Nexus solitons in the center vortex picture of QCD

TL;DR

This paper explores nexus solitons in the center vortex model of QCD, identifying two types—quasi-Abelian and non-Abelian—and discusses their potential impact on the understanding of the QCD vacuum and confinement.

Contribution

It introduces and analyzes the concept of nexus solitons in the center vortex picture of QCD, including analytic solutions for quasi-Abelian cases and variational estimates for non-Abelian cases.

Findings

Nexus solitons can be classified into quasi-Abelian and non-Abelian types.

Analytic solutions exist for quasi-Abelian nexus solitons.

Non-Abelian nexus solitons carry topological charge and may modify the QCD vacuum picture.

Abstract

It is very plausible that confinement in QCD comes from linking of Wilson loops to finite-thickness vortices with magnetic fluxes corresponding to the center of the gauge group.
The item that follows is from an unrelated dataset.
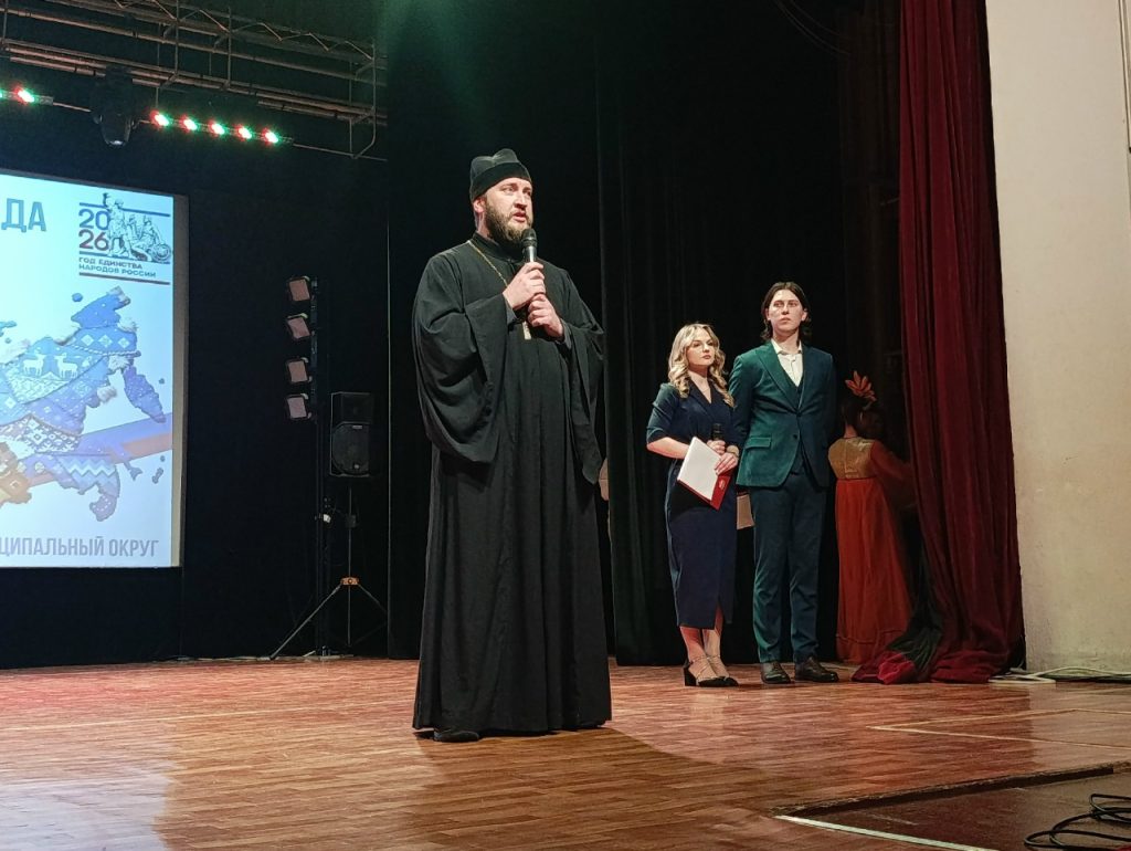 С приветственной речью к сидящим в зале обратился секретарь Скопинского Епархиального управления иерей Антоний Русанов. Он поздравил всех от имени епископа Скопинского и Шацкого Питирима и отметил:

The vortices are solitons of a gauge-invariant QCD action representing the generation of gluon mass. There are a number of other solitonic states of this action. We discuss here what we call nexus solitons, in which for gauge group SU(N), up to N vortices meet a a center, or nexus, provided that the total flux of the vortices adds to zero (mod N). There are fundamentally two kinds of nexuses: Quasi-Abelian, which can be described as composites of Abelian imbedded monopoles, whose Dirac strings are cancelled by the flux condition; and fully non-Abelian, resembling a deformed sphaleron. Analytic solutions are available for the quasi-Abelian case, and we discuss variational estimates of the action of the fully non-Abelian nexus solitons in SU(2). The non-Abelian nexuses carry Chern-Simons number (or topological charge in four dimensions). Their presence does not change the fundamentals of confinement in the center-vortex picture, but they may lead to a modified picture of the QCD vacuum.